Kültürel, sosyal ve ekolojik olarak Yukarı ve Aşağı Mezopotamya’da büyük yıkımları getirecek olan Ilısu Projesi’nin iktidarın iddia ettiği gibi sosyo- ekonomik hiçbir getirisi olmadığı gibi tam aksine bu proje bir talan, yıkım ve tahakküm projesidir. Bu düzeyde bir örgütlü kötülüğü insan düşmanına bile yapmaz.

Soru: Kayyım atamalarına karşı son dönemlerde çeşitli çevrelerden partinize yönelik sine-i millet önerileri geliyor. Siz böyle bir tartışma yürütüyor musunuz, nedir bu önerilere yönelik yaklaşımınız?
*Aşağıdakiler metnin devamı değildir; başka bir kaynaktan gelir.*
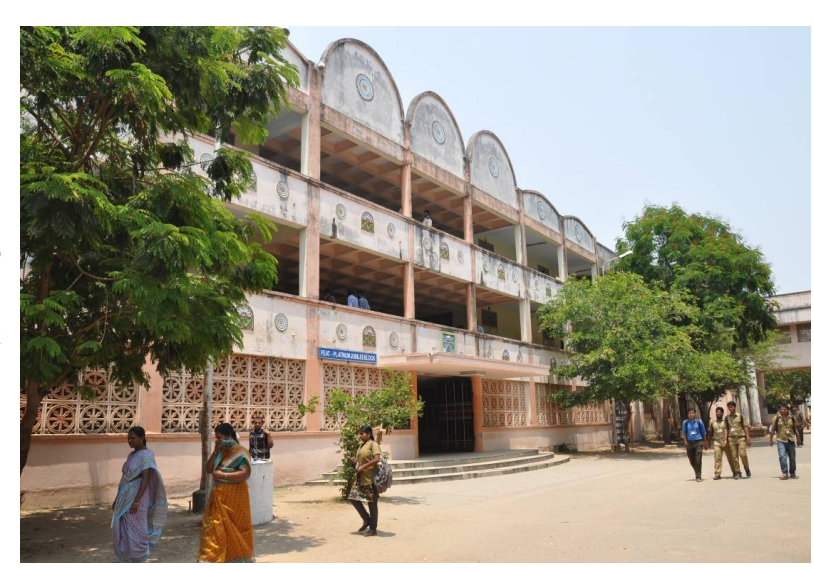
Class Rooms Platinum Jubilee Block
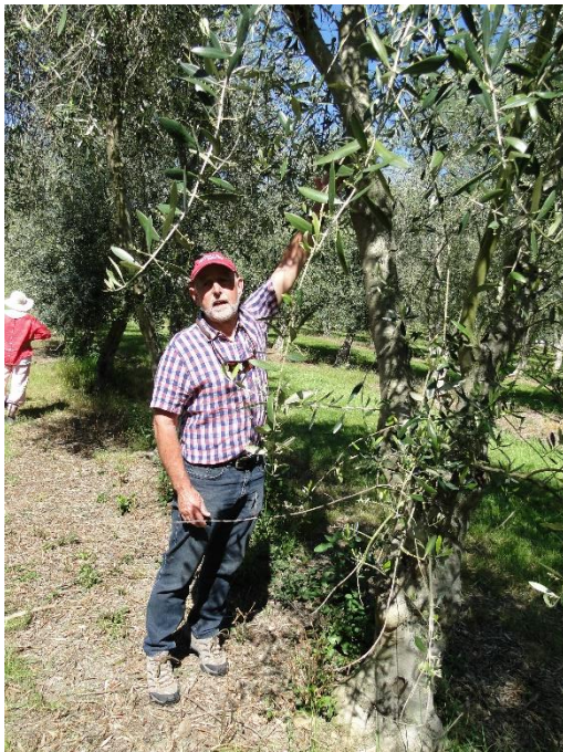
Healthy new growth
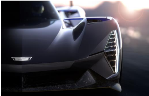
CADILLAC GTP PROTOTYPE

With Cadillac in the midst of defending its 2021 IMSA Manufacturer Championship, the brand continues to prepare for its return to the world racing stage. Cadillac Design is in the process of shaping the forthcoming GTP race car and the future of Cadillac Racing.
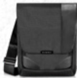
VENUE XL 13"
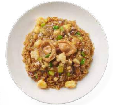
57 HOKKIEN FRIED RICE 鮑魚福建炒飯 $33.00
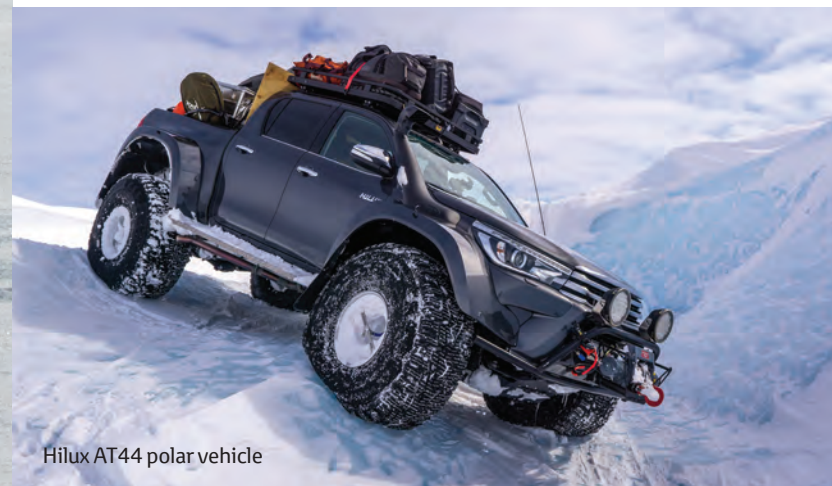
Hilux AT44 polar vehicle

Bu soru için teşekkür ederim. Bu konunun özellikle berraklaşması ve çeşitli spekülasyonların da noktalanması bakımından olumlu olacaktır. HDP kurumsal olarak bir sine-i millet tartışması yapmıyor. Ancak partimizin çevresinde dostları tarafından, yol arkadaşları tarafından HDP’den barış, demokrasi, özgürlük beklentisi olan bazı aydınlar, yazarlar, akademisyenler tarafından bir mücadele yöntemi olarak sine-i millet önerileri bize de geliyor. Çeşitli basın yayın kurumları üzerinden biz de dolaylı ya da doğrudan öğreniyoruz. Sine-i millet tartışması da demokratik ve meşru bir öneridir. Mücadele yöntemlerinden birisidir. HDP kendi çoğulcu yapısı ve radikal demokrasi anlayışı gereğince bu önerileri görmezden gelecek, kulağını kapatacak bir parti değildir. 20 Kasım’da yapacağımız geniş ölçekli büyük toplantıda bu öneriler de diğer önerilerle birlikte tartışılacaktır. Yeni mücadele hattımızı, yol haritamızı konuşacağız, tartışacağız, sonuçlandıracağız ve ondan sonra kamuoyuna gerekli açıklamaları yapacağız. Biz belediyelerden Meclis’ten çekiliyoruz, çekilmiyoruz diye spekülatif bir tartışma yapmıyoruz. Bu bir kişisel mesele değildir: Bu  sadece HDP’nin sorunu da değildir. HDP 6 milyon seçmenin oyunu almış bir partidir ve mümkün olsaydı 6 milyondan fazla yurttaşın görüş belirtmesiyle alınması gereken bir karar olurdu.